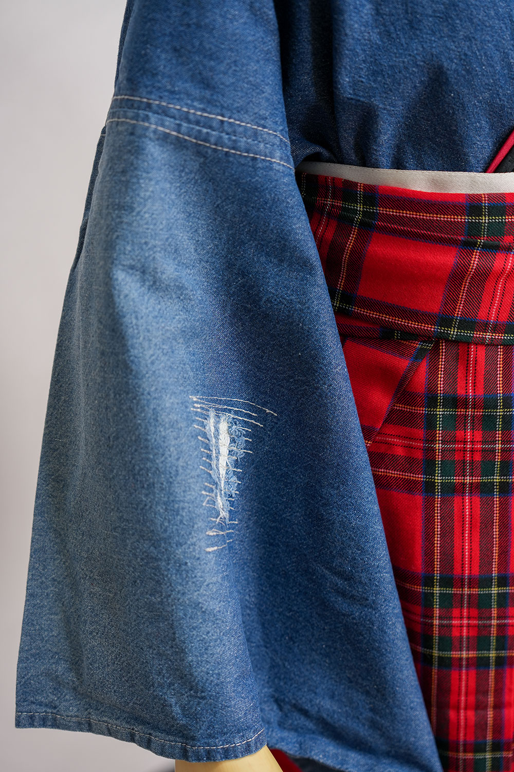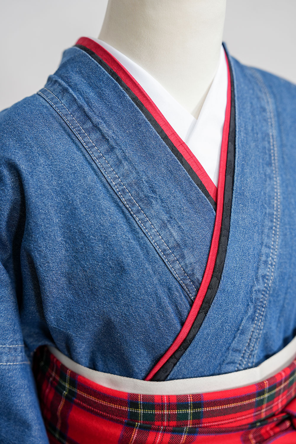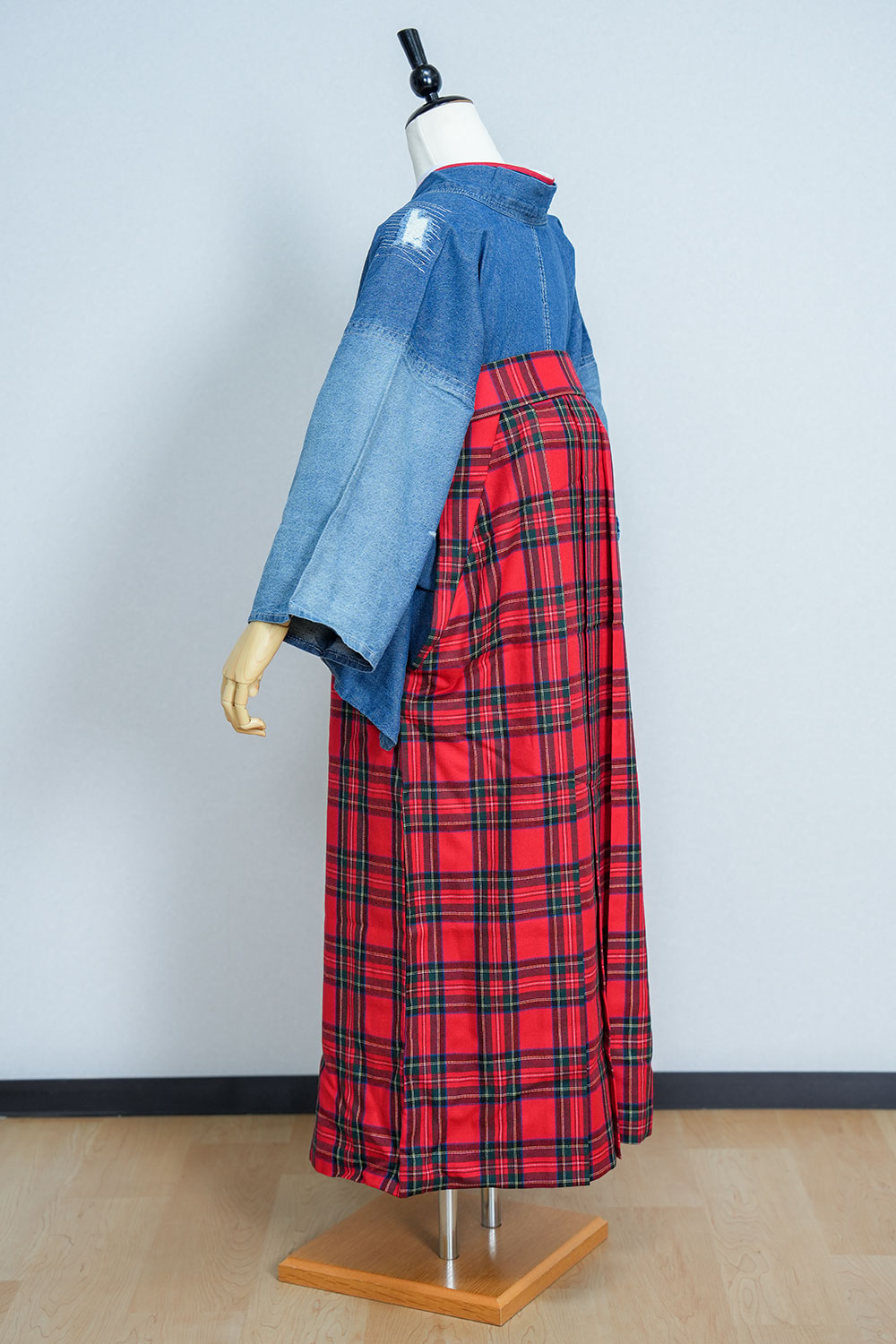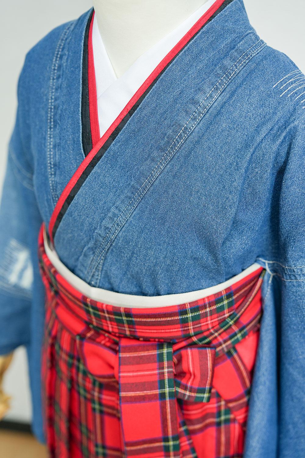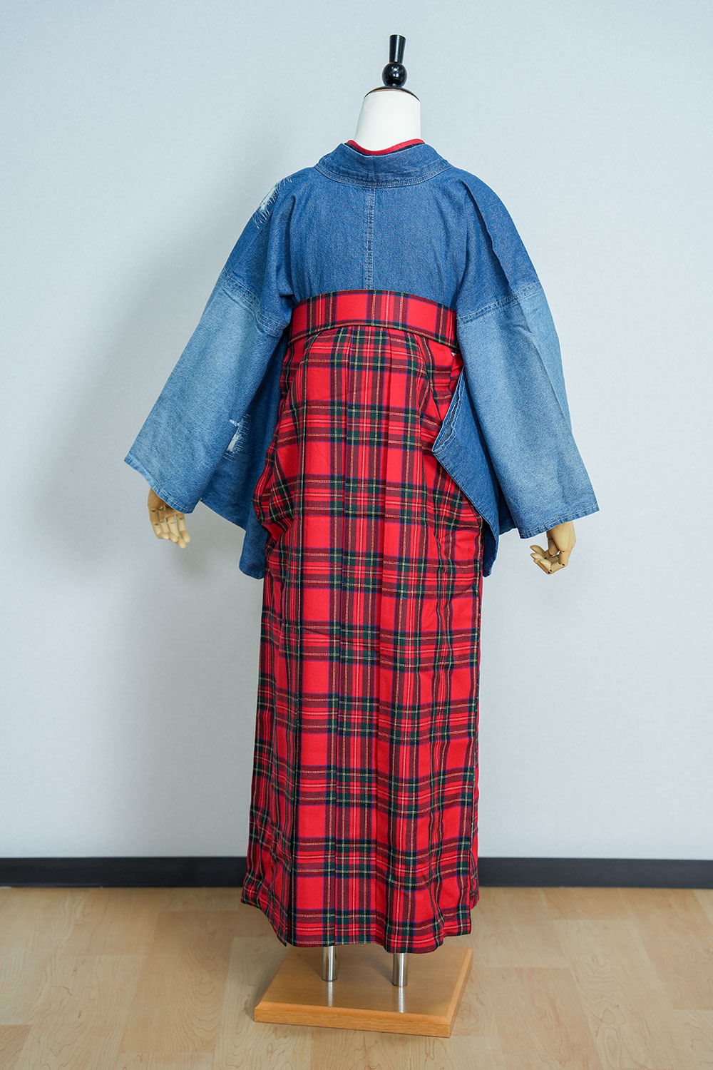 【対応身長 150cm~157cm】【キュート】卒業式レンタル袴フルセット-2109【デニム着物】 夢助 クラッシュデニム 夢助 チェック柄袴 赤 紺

☆ ☆ ☆

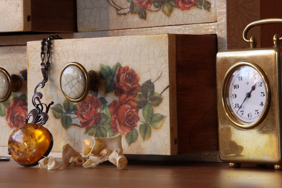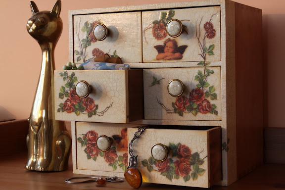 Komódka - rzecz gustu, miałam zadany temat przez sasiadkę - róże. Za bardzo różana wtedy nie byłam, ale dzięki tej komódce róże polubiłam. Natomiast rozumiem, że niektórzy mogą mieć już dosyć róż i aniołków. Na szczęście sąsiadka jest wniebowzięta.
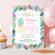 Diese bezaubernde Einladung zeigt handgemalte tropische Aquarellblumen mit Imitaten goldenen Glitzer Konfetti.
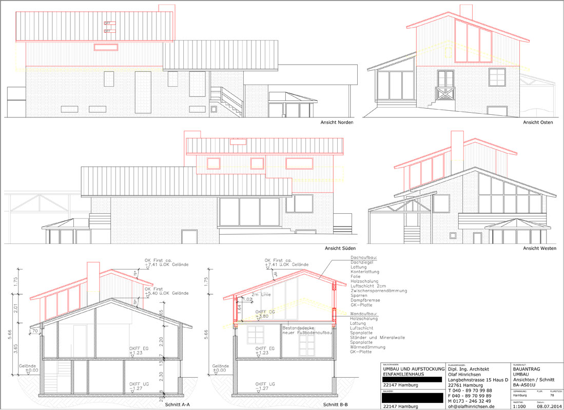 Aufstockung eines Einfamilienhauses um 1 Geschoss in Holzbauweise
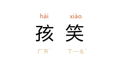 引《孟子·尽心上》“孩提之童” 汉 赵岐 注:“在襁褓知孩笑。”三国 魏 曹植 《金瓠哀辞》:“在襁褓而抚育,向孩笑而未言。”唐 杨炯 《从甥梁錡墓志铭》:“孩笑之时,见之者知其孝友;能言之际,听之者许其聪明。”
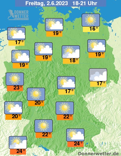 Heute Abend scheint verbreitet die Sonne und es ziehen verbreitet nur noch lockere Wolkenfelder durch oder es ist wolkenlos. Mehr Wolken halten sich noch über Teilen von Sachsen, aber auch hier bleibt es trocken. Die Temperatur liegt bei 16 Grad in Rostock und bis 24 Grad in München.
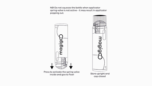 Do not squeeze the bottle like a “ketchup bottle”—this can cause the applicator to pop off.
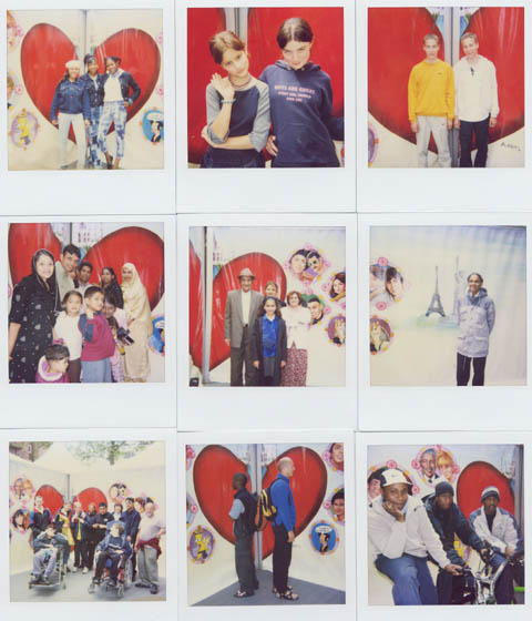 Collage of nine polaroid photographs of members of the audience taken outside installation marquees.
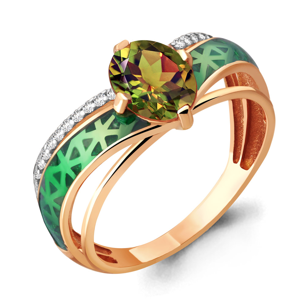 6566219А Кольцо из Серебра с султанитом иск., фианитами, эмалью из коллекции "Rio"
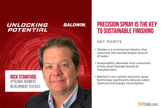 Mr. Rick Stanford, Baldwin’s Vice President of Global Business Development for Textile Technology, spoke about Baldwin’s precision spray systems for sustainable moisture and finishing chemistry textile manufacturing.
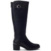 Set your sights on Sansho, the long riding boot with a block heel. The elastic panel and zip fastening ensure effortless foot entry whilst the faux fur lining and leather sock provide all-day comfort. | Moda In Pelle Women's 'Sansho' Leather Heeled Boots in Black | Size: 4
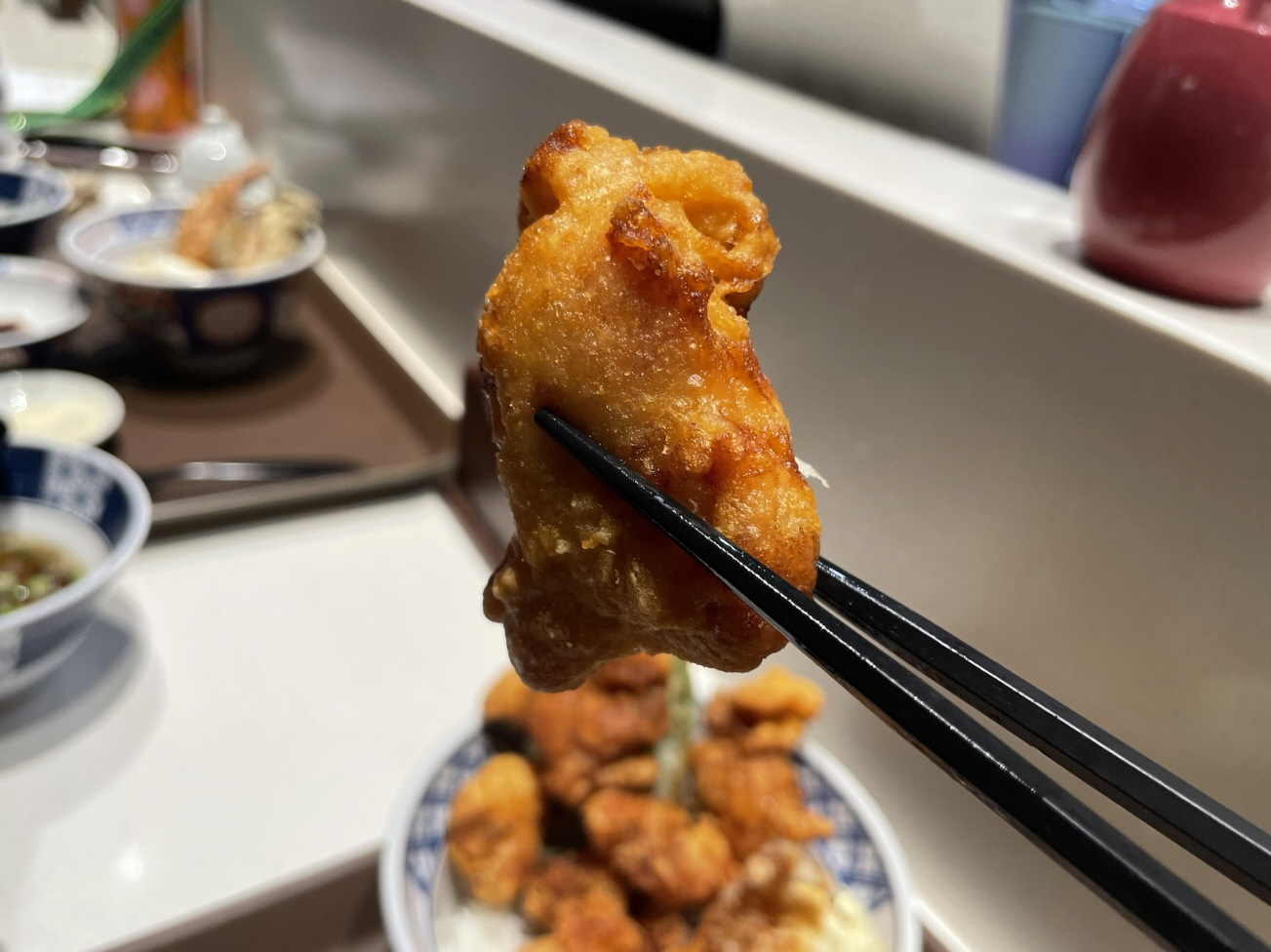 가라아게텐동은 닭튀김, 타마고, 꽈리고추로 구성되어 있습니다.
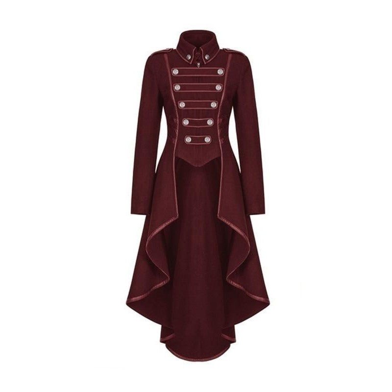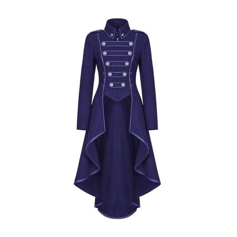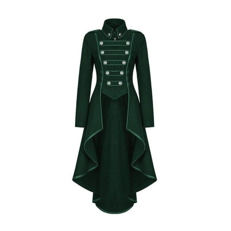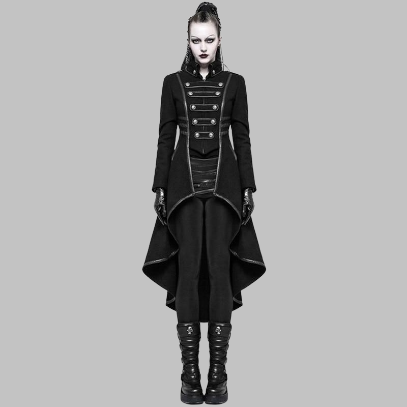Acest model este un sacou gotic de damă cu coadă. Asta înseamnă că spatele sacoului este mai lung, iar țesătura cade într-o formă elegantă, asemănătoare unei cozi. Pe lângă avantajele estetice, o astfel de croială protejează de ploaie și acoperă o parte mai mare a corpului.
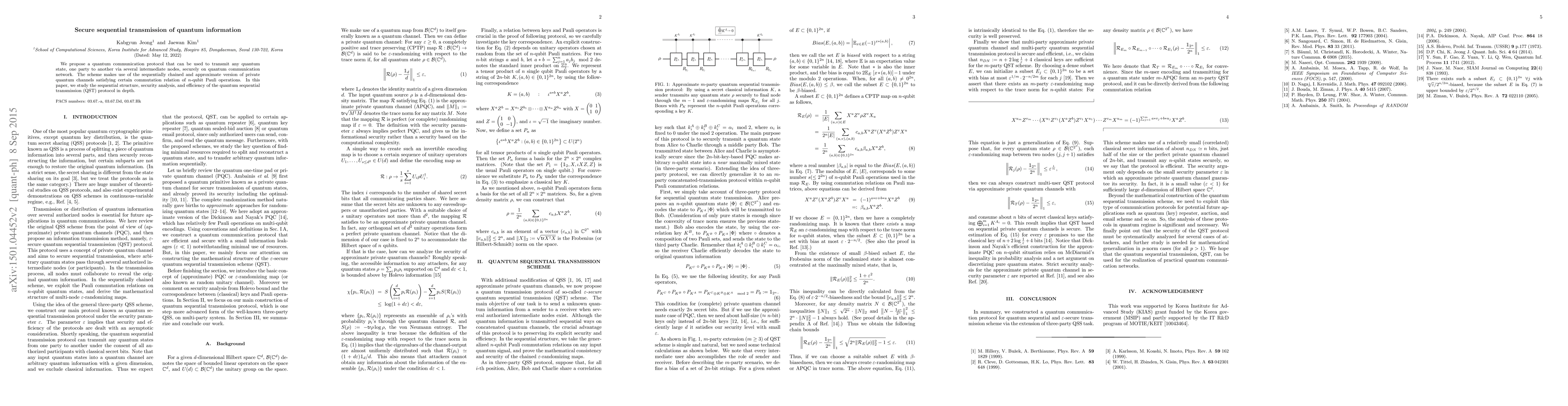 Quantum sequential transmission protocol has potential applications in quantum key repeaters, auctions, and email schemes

☆ ☆ ☆

■ **What you will do**:
The answer is the lines of the material above, from the one containing "가라아게텐동은 닭튀김, 타마고, 꽈리고추로 구성되어 있습니다." down to the one containing "Acest model este", given exactly and without images.

■ **Answer space**:
 가라아게텐동은 닭튀김, 타마고, 꽈리고추로 구성되어 있습니다.
Acest model este un sacou gotic de damă cu coadă. Asta înseamnă că spatele sacoului este mai lung, iar țesătura cade într-o formă elegantă, asemănătoare unei cozi. Pe lângă avantajele estetice, o astfel de croială protejează de ploaie și acoperă o parte mai mare a corpului.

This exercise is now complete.